**DIRECTIONS FOR THIS TASK:** From the first line down to the line containing "All persons must", print the records below exactly, leaving every picture out.

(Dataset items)
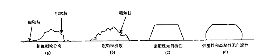 當顆粒組成處于1區(qū)時,會出現粗細顆粒偏析現象,見圖3(a)。當處于2區(qū)時,會出現粗顆粒潰散現象見圖3(b)。當處于3區(qū)和4區(qū)時會出現強塑性狀態(tài)見圖3(c)、(d)。只有處于5區(qū)時才具有自流性能。
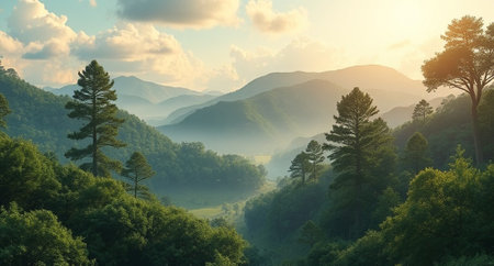 panoramic view of beautiful mountain landscape with coniferous forest
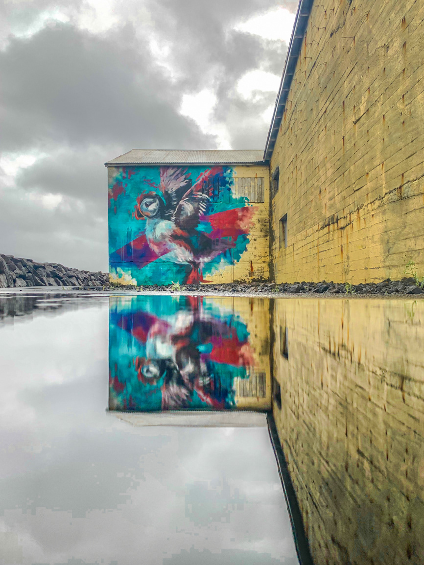 The image is a portrait of ‘Sia’ who had passed away in 2010 in Akureyri. This piece was painted by Guido Van Helten in 2014 and is based on archival imagery of a play performed by the young actress.
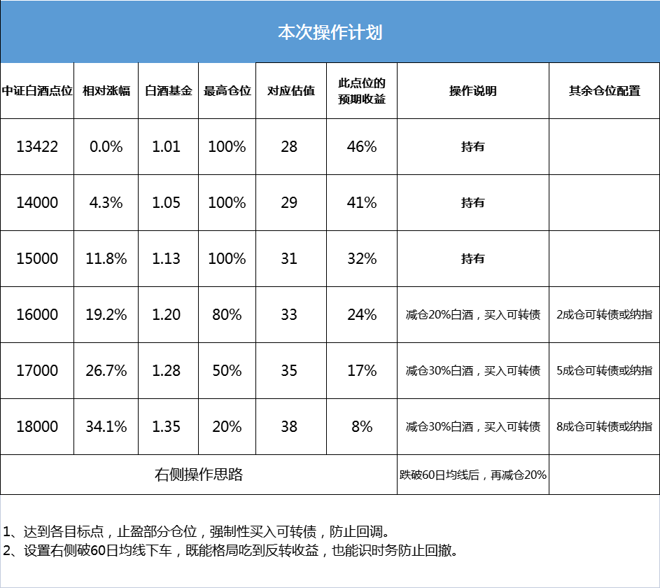 本轮白酒行情的操作计划如图,比上一轮的计划更加优化。
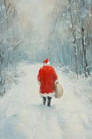 Een mysterieuze figuur in een felrode jas schrijdt door de winterse stilte en vormt een warm contrast met het glinsterende wit van de sneeuw. De zachte, glinsterende sneeuw omlijst het pad, terwijl de met sneeuw bedekte bomen het landschap veranderen in een betoverend sprookjeslandschap. Een aura van verwachting en ontdekking omringt deze eenzame wandelaar.
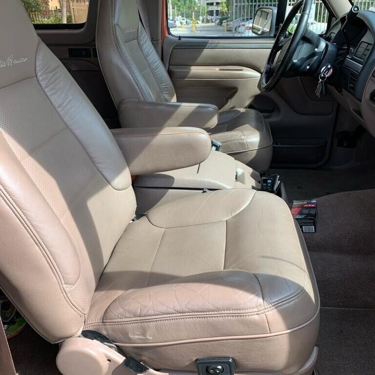 Life inside this Bronco should be anything but unpleasant because comfort and safety features abound. The driver slips behind the wheel equipped with an airbag while air conditioning, power windows, power locks, power seats, power mirrors, cruise control, a leather-wrapped wheel, and leather upholstery make occupants feel like royalty. The supplied images suggest the only aftermarket addition is a CD player, with the rest of the features intact and working as they should. The seats sport typical wrinkles associated with gracefully aging leather, while the Tan carpet looks fantastic considering the vehicle type and pale shade. This interior appears to need nothing and should be a pleasant place to spend time as the miles roll under the tires.
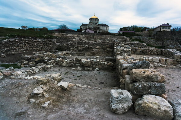 808779248 Basilica excavation in evening Chersonesos - ancient town (Sevastopol, Crimea, Ukraine)
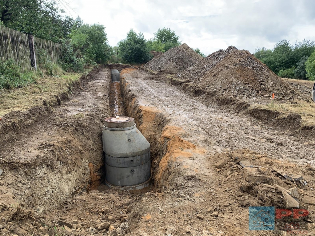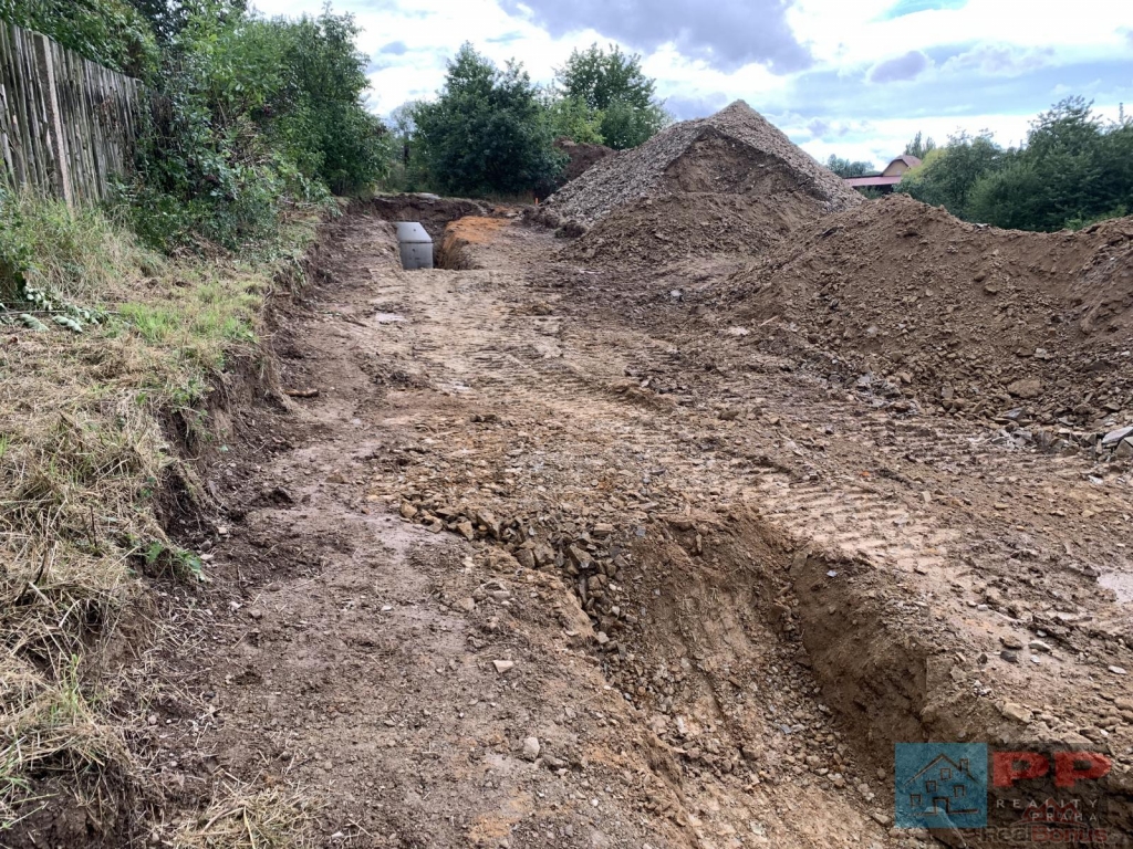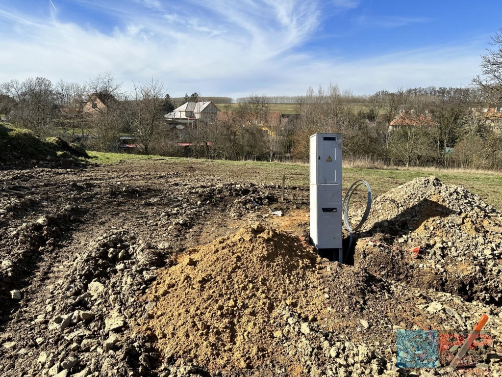 Kanalizace a elektřina jsou přivedeny na hranici pozemku a zkolaudovány.
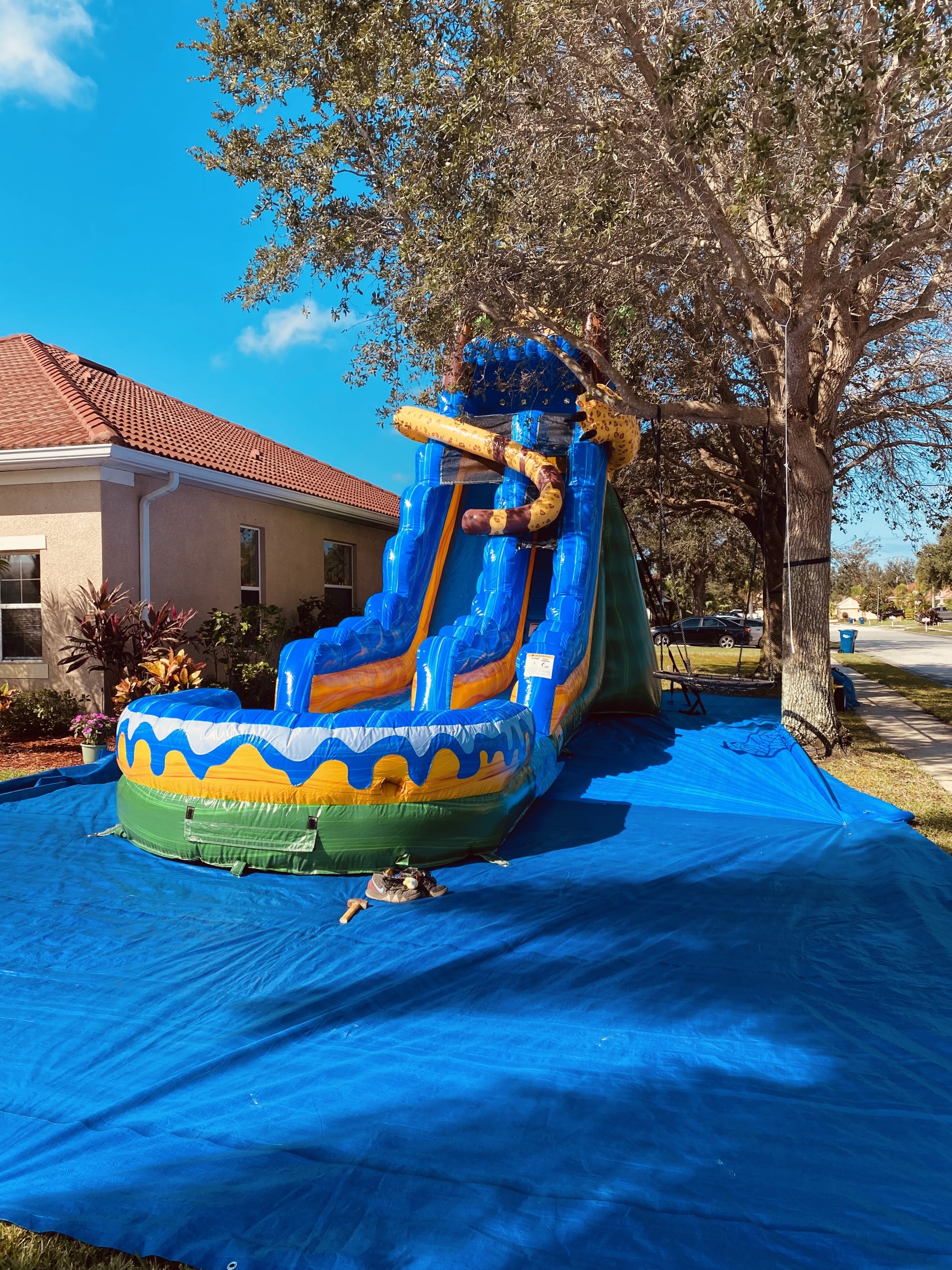 All persons must remove shoes, glasses and jewelry, etc... before playing in the BOUNCE HOUSE / COMBO UNITS / OR WATERSLIDES
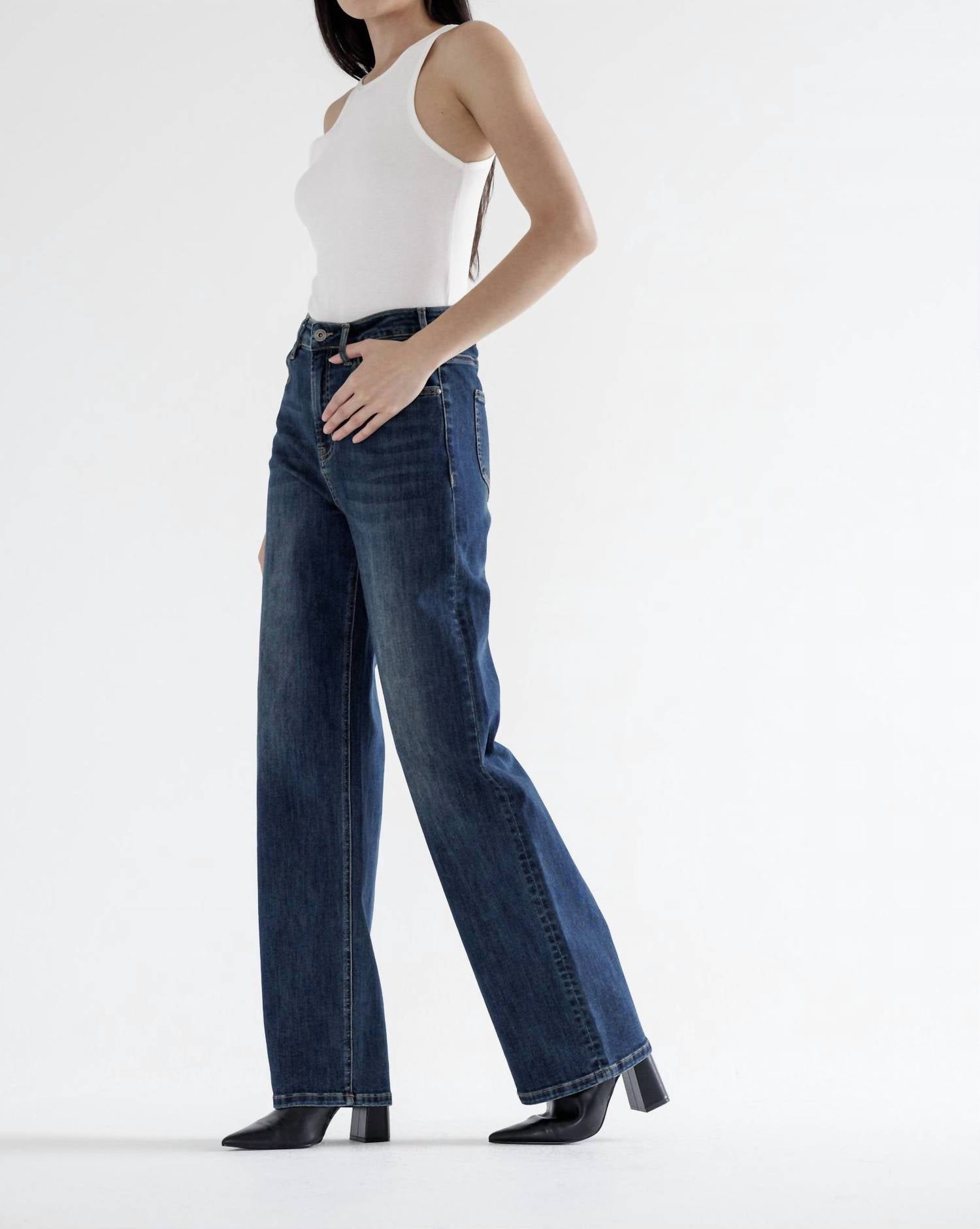 Pair these straight leg jeans with flats, sandals or even heels! You can't go wrong. Step into relaxed style with the Freya Super High Rise Straight Leg Loose Fit Jeans by Mica Denim. Crafted from a cotton blend of 90.5% cotton, 7% polyester, and 2.5% spandex, these jeans offer a comfortable stretch and a super high rise for a flattering fit. With a warm dark wash perfect for autumns, they feature a button closure and a garment length of 44.25 inches. Easy to care for, they are machine washable and can be tumble dried.
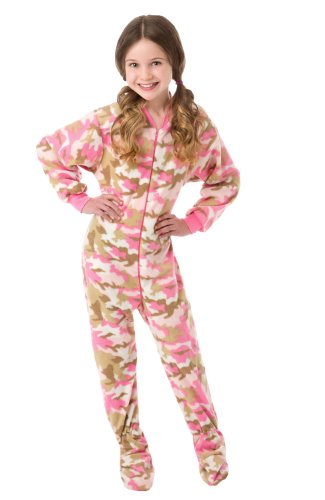 These fun infant & toddler fleece pajamas are extremely popular. They have even been worn on hit TV networks Nickelodeon, MTV and the Disney Channel! These pjs are pink camouflage in color, zip up the front and have non-slip soles. They come in unisex sizing 12mos - 4T. Available is in sizes for sis (604 Pink Camo) and mom (207 pink camo) to make matching sets.
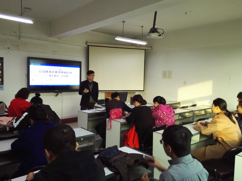 112日下午,emc易倍全体教师在院B503会议室召开教研活动,由副经理汪存友老师做“信息技术在教学中的应用”教改讲座。
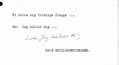 //// p //// Ti hälsa dig fredliga flagga ... Se: Jag hälsar dig . //// KBjS SKILLINGTRYCKSREG. //// t ////
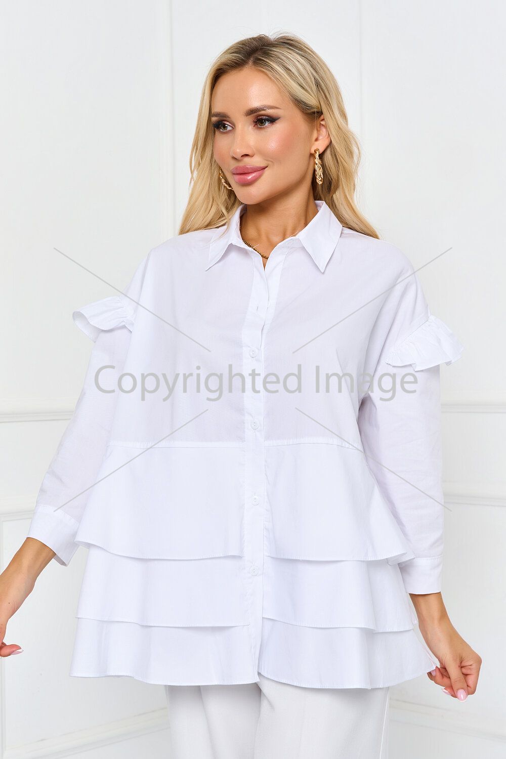 Airy as a summer breeze! Nevayo-blouse-shirt with a loose fit made of cotton fabric. Front placket with functional buttons, it can be worn either buttoned up or with the top button undone, creating a stylish V-neck. A loose fit will emphasize femininity and lightness, and a dropped sleeve with an elegant flounce will add romance and charm. Flounces at the bottom of the front create an elegant accent and give the image a special lightness. With jeans, a skirt, shorts, trousers – in this blouse you will look perfect!
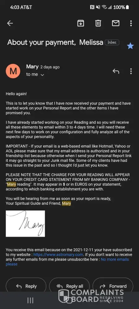 I note that all these complaints are from 2/3 years ago and I see some were resolved but it does not say how resolved. Is Astromary a fraud? I've been in contact with 'her' and got free reading and was wondering about paying the 59 euros for full reading when decided to check and saw your page here
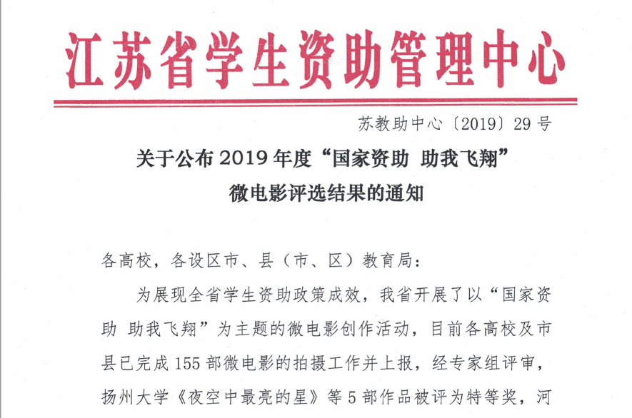 近日,2019年度江苏省“国家资助 助我飞翔”学生资助成效微电影创作大赛落下帷幕。经过紧张激烈的专家组评审,捕鱼达人破解版
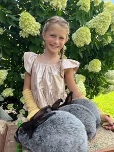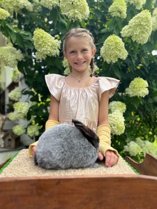 Meat Pen-4.0, 4.2, 4.8lbs My name is Tessa Mashburn and I’m the livestock youth rep for the rabbits. The rabbits that I breed and raise are champagne D’argents; they originate from the champagne region of France. Champagnes have a commercial body shape, full shoulders and deep hind quarters. They are solid black when born but slowly as they age, their coat turns silver. I chose the specific heritage breed because I love rabbits and they have a finer bone structure than common meat breeds. I’ve learned sustainability practices that help our soil from using every part of the rabbit. I hope through this experience as a Dutchess County 4-H’er, I’m contributing to even to a small part of sustainable food systems.

**COMPLETED EXERCISE:**
 當顆粒組成處于1區(qū)時,會出現粗細顆粒偏析現象,見圖3(a)。當處于2區(qū)時,會出現粗顆粒潰散現象見圖3(b)。當處于3區(qū)和4區(qū)時會出現強塑性狀態(tài)見圖3(c)、(d)。只有處于5區(qū)時才具有自流性能。
 panoramic view of beautiful mountain landscape with coniferous forest
 The image is a portrait of ‘Sia’ who had passed away in 2010 in Akureyri. This piece was painted by Guido Van Helten in 2014 and is based on archival imagery of a play performed by the young actress.
 本轮白酒行情的操作计划如图,比上一轮的计划更加优化。
 Een mysterieuze figuur in een felrode jas schrijdt door de winterse stilte en vormt een warm contrast met het glinsterende wit van de sneeuw. De zachte, glinsterende sneeuw omlijst het pad, terwijl de met sneeuw bedekte bomen het landschap veranderen in een betoverend sprookjeslandschap. Een aura van verwachting en ontdekking omringt deze eenzame wandelaar.
 Life inside this Bronco should be anything but unpleasant because comfort and safety features abound. The driver slips behind the wheel equipped with an airbag while air conditioning, power windows, power locks, power seats, power mirrors, cruise control, a leather-wrapped wheel, and leather upholstery make occupants feel like royalty. The supplied images suggest the only aftermarket addition is a CD player, with the rest of the features intact and working as they should. The seats sport typical wrinkles associated with gracefully aging leather, while the Tan carpet looks fantastic considering the vehicle type and pale shade. This interior appears to need nothing and should be a pleasant place to spend time as the miles roll under the tires.
 808779248 Basilica excavation in evening Chersonesos - ancient town (Sevastopol, Crimea, Ukraine)
 Kanalizace a elektřina jsou přivedeny na hranici pozemku a zkolaudovány.
 All persons must remove shoes, glasses and jewelry, etc... before playing in the BOUNCE HOUSE / COMBO UNITS / OR WATERSLIDES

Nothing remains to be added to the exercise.